Taxonomic breakdown of metagenomes using sourmash.
Starting from a blank Ubuntu 15.10 install, run:
sudo apt-get update && sudo apt-get -y install python3.5-dev \
python3-virtualenv python3-matplotlib python3-numpy g++ make
then create a new virtualenv, :
cd
python3.5 -m virtualenv env -p python3.5 --system-site-packages
. env/bin/activate
You'll need to install a few things, including a recent version of khmer:
pip install screed pytest PyYAML doit
pip install git+https://github.com/dib-lab/khmer.git
Next, grab the sbt_search branch of sourmash:
cd
git clone https://github.com/dib-lab/sourmash.git -b sbt_search
Build and install it:
cd sourmash && make install
Next, grab this repo:
cd
git clone https://github.com/dib-lab/2016-sourmash-tax.git
The sourtax.py
script will now be in
~/2016-sourmash-tax/pipeline/sourtax.py
. See the demo section below.
To prepare a database, you need to calculate sourmash signatures that
contain the k-mer cardinality of the source sequence.

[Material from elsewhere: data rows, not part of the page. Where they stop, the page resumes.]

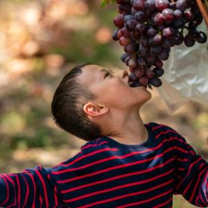 小朋友在東風農場的葡萄架下吃葡萄(8月8日攝)。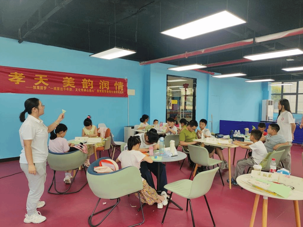 8月5日(通讯员 江伍轩 报道)红纸翻飞间,剪出“董永卖身葬父”的孝感故事;巧指流转处,绽放“福寿双全”的吉祥纹样。武昌理工学院创意设计学院"一纸剪出千年韵,文化传承心连心"团队的8名队员,8月5日于孝感市孝天办事处青年职工之家活动中心进行“剪艺孝天,美韵润情”主题剪纸教学课程,让同学在红纸与剪刀的邂逅中,触摸传统文化的温度,涵养感恩向善的情怀。
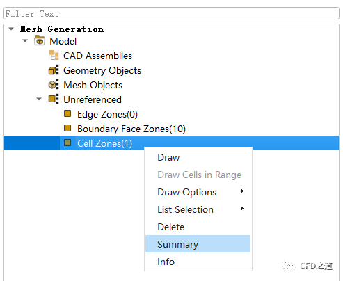 在Meshing模式中,鼠标右键选择节点Cell Zones,点击弹出菜单项Summary可查看网格信息
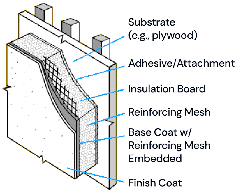 Unlike traditional stucco, EIFS has several layers. Notably, it binds a layer of insulation to the siding itself, protecting the insulation — as well as the framing, plumbing, electrical, and foundation — from water damage.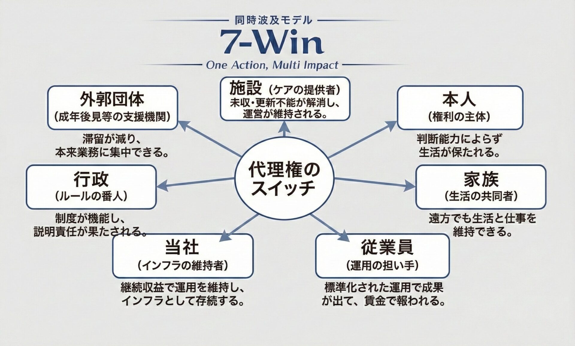 アンケージが「代理権」というスイッチを入れることで、関係7者が同時に回復します。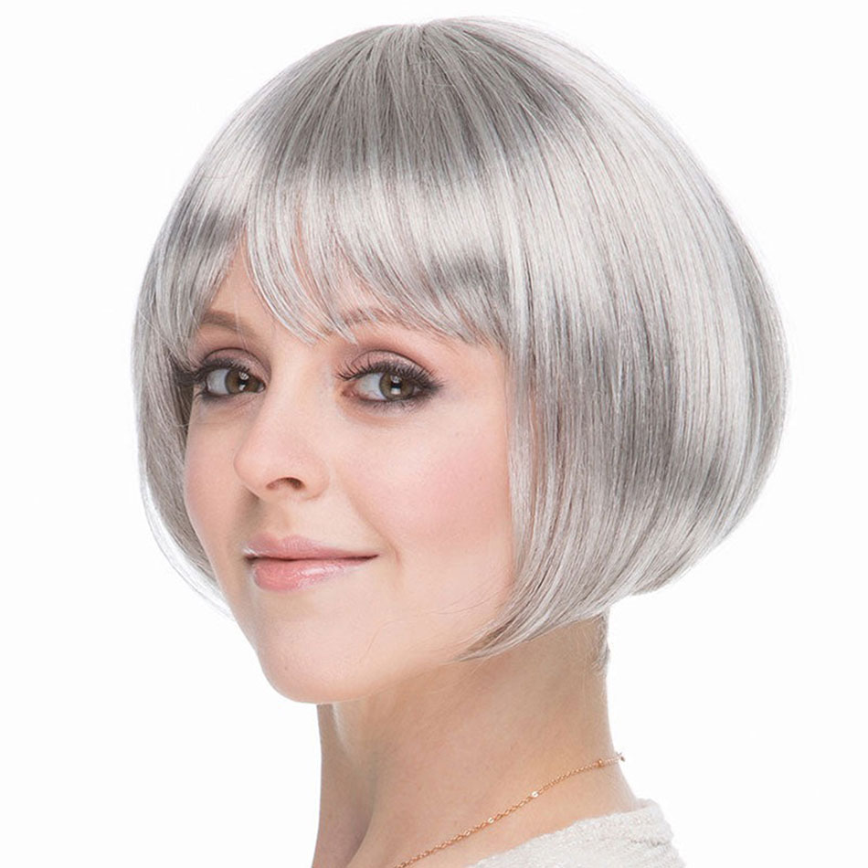 Gri Gümüş Renk Düz Kesim Astarlı Küt Parti Peruk - Tarzınızı Yükseltin!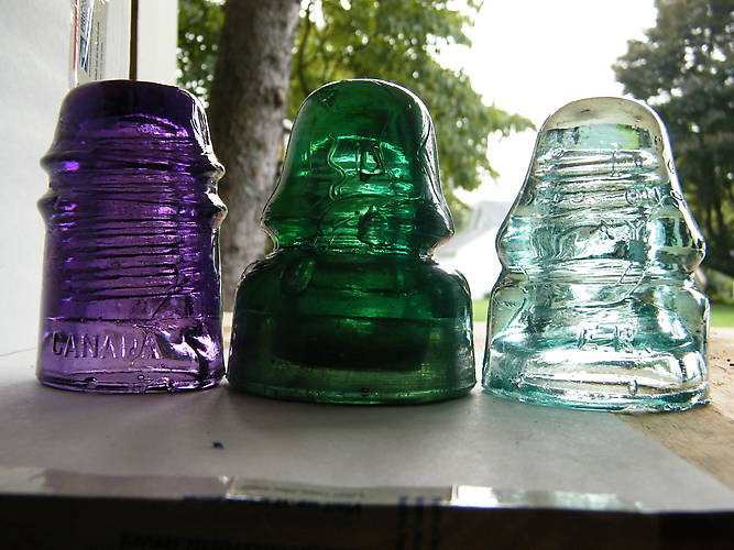 Was told a few other insulator collectors had been through the bottle show held in Poughkeepsie NY last Sunday. They were nice enough to leave these three behind for me. Was pleased when I decided to walk to where the light was better with the PRR CD 162.5. The light was so bad that I thought it was either your everday aqua or dark blue aqua. Turned out to be green and my favorite purchase. Has two just under a dime size bubbles, am anber swirl passing through the dome and junk. Very nice charector. All three I puchased from the same seller and a very decent prices. He had many others and now I regret not buying more or making him some offers on others. He pretty much went along and let me name my own cheap price on this group. |

This can be done
using the --with-cardinality
option:
sourmash compute --with-cardinality genome.fa
If you have a FASTA file containing a bunch of genomes, sourmash will
by default calculate a single signature for all of them; you can fix
this by using the --singleton
option:
sourmash compute --singleton --with-cardinality all-genomes.fa
Once you have the signatures calculated, you can build the database
(here named 'db') with sourmash sbt_index
:
sourmash sbt_index db *.sig
So, for example, to build a search database from the data/15genome.fa.gz
file included in this repo, do:
sourmash compute --singleton --with-cardinality data/15genome.fa.gz
sourmash sbt_index db 15genome.fa.gz.sig
First, create a database:
cd
mkdir demo
cd demo
sourmash compute --singleton --with-cardinality ~/2016-sourmash-tax/pipeline/data/15genome.fa.gz
sourmash sbt_index db 15genome.fa.gz.sig
Now, take an input sequence and break it down:
cp ~/2016-sourmash-tax/pipeline/data/*.fa.gz .
A single genome:
~/2016-sourmash-tax/pipeline/sourtax.py db acido.fa.gz -o acido
A fake metagenome:
~/2016-sourmash-tax/pipeline/sourtax.py db 15genome.fa.gz -o 15genome
Main point: if you are inputting FASTQ, the input sequences need to be
error trimmed (e.g. with trim-low-abund.py
).
Also note that currently abundance is not taken into account, and the output is weighted by size of genome (which is easily corrected for).